3. In some species a process called spermatization involves a single detached male cell
that becomes attached to the female receptive organ--whether a trichogyne or somatic
hypha--and empties its nucleus into the receptive cell. The male nucleus or nuclei
migrate to the ascogonium through the septal pores. The male cells are dispersed by
insects, wind, or water to the receptive female organs. The functional male gamete
may be a spermatium, microconidium, or conidium. Spermatia are minute, spherical
or elongated, uninucleate, male sex cells incapable of germination by a germ tube. It
generally is assumed that they are evolutionary reduced from conidia. Spermatia may
be formed on the mycelium or in specialized structures called spermogonia.
Microconidia have been described as minute conidia that behave as spermatia, but
which also are capable of germinating and giving rise to mycelium. Conidia also may
function as spermatia by attaching themselves to the receptive organs and emptying
nuclei into them.
4. Plasmogamy - sometimes referred to as somatogamy - involves the fusion of
unspecialized somatic hyphae of two compatible mycelia with the nuclei migrating to
the ascogonia through the septal perforations. This is a method of plasmogamy that
may not be prevalent in ascomycetes, but is usual in many basidiomycetes.
In the ascomycetes, with yeasts being the major exception, the two nuclei may remain in
close association and undergo successive divisions that result in a number of dikaryotic cells.

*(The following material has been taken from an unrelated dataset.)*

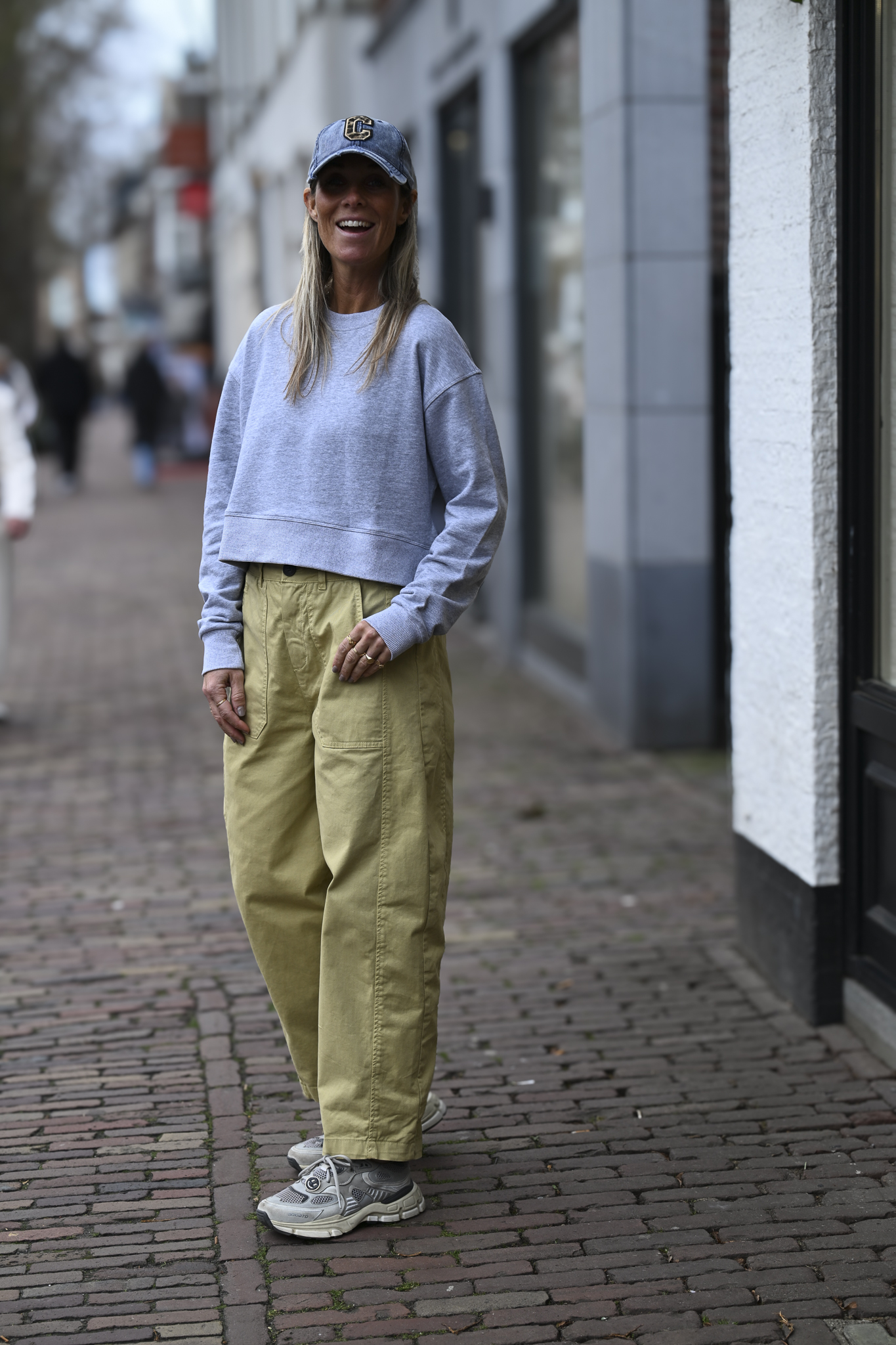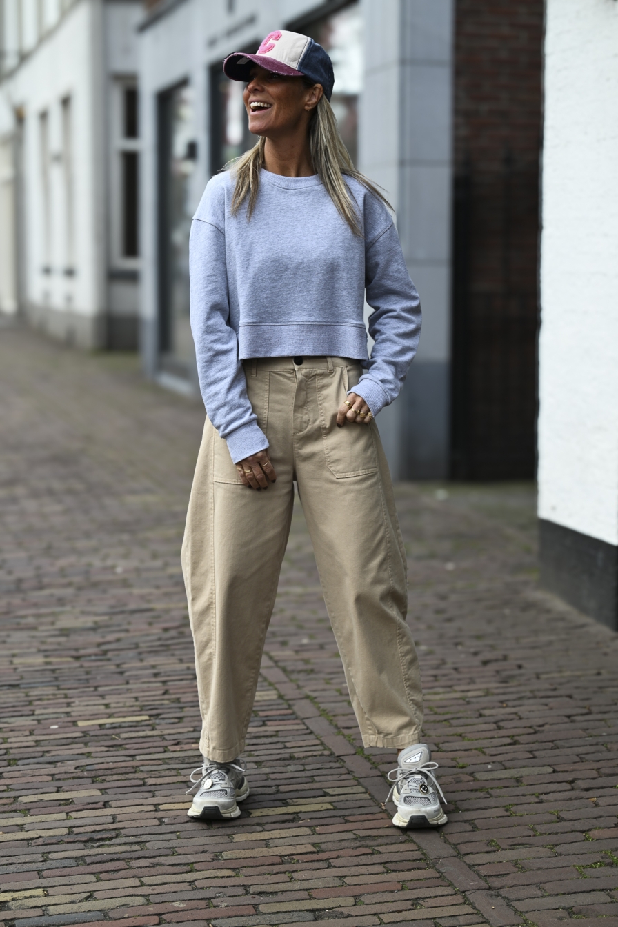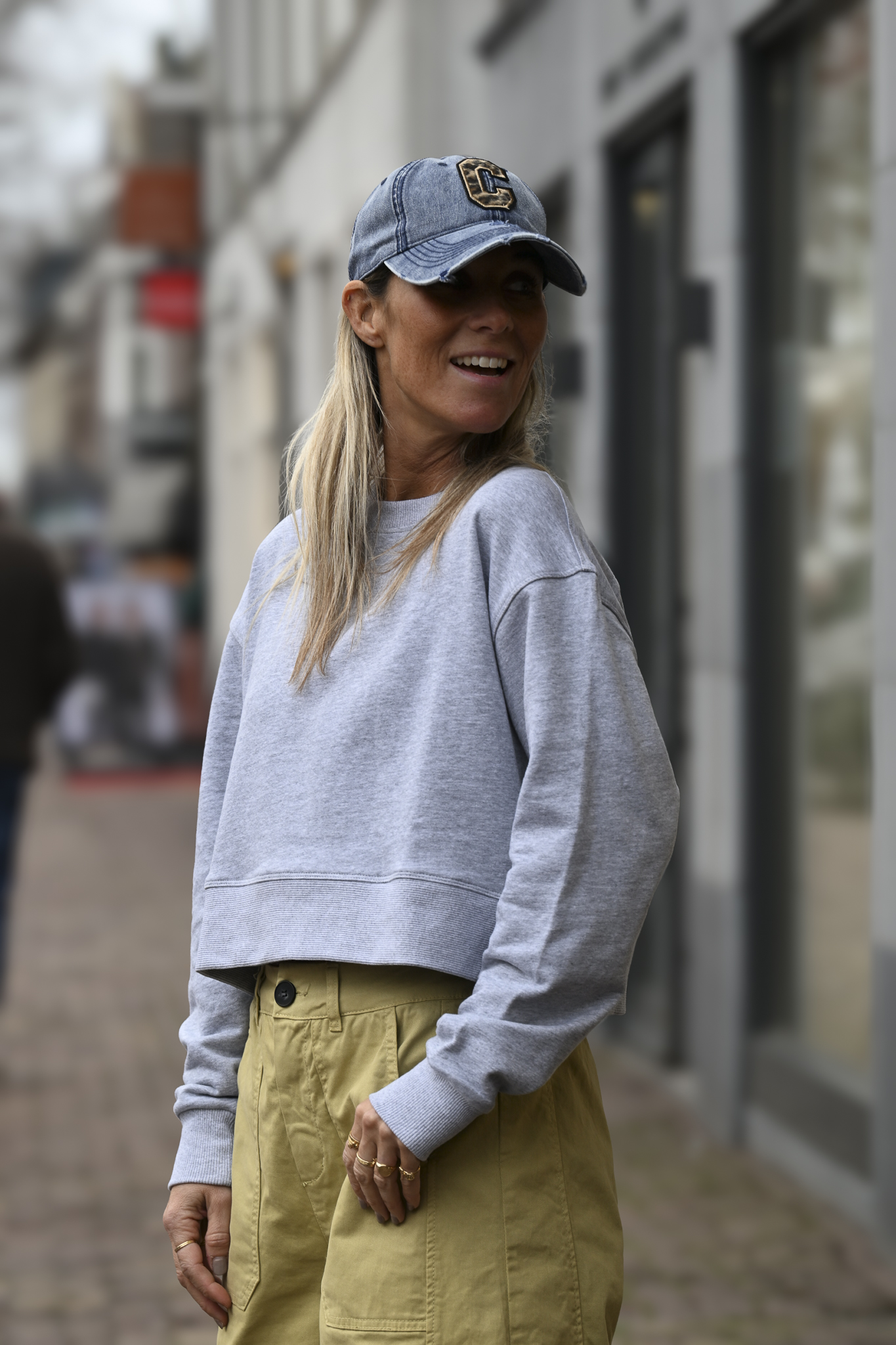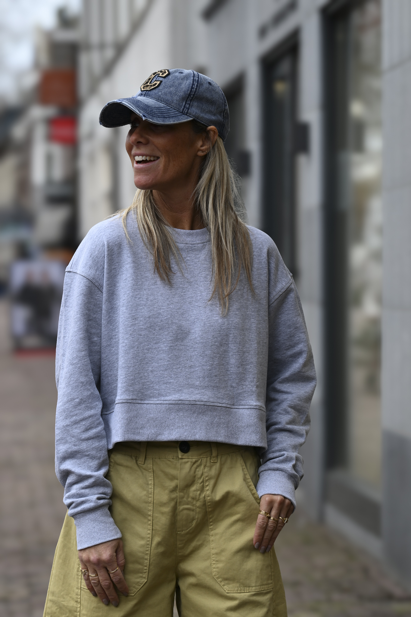 Deze cropped sweater, gemaakt van 100% katoen, heeft subtiele splitjes van 5 cm in de tailleboord. Op de foto draag ik maat S/M en ik ben 1.76 m.

Nuclear fusion eventually takes place in the young ascus. Meiosis in the diploid zygote
nucleus occurs almost immediately after fusion, and results in the production of four haploid
nuclei. These four nuclei then divide mitotically, resulting in the formation of eight nuclei
that will become incorporated into the eight ascospores during ascosporogenesis.
Incompatibility Systems
Homogenic incompatibility- is a process that promotes outcrossing in sexual fusions and is
controlled by mating type genes.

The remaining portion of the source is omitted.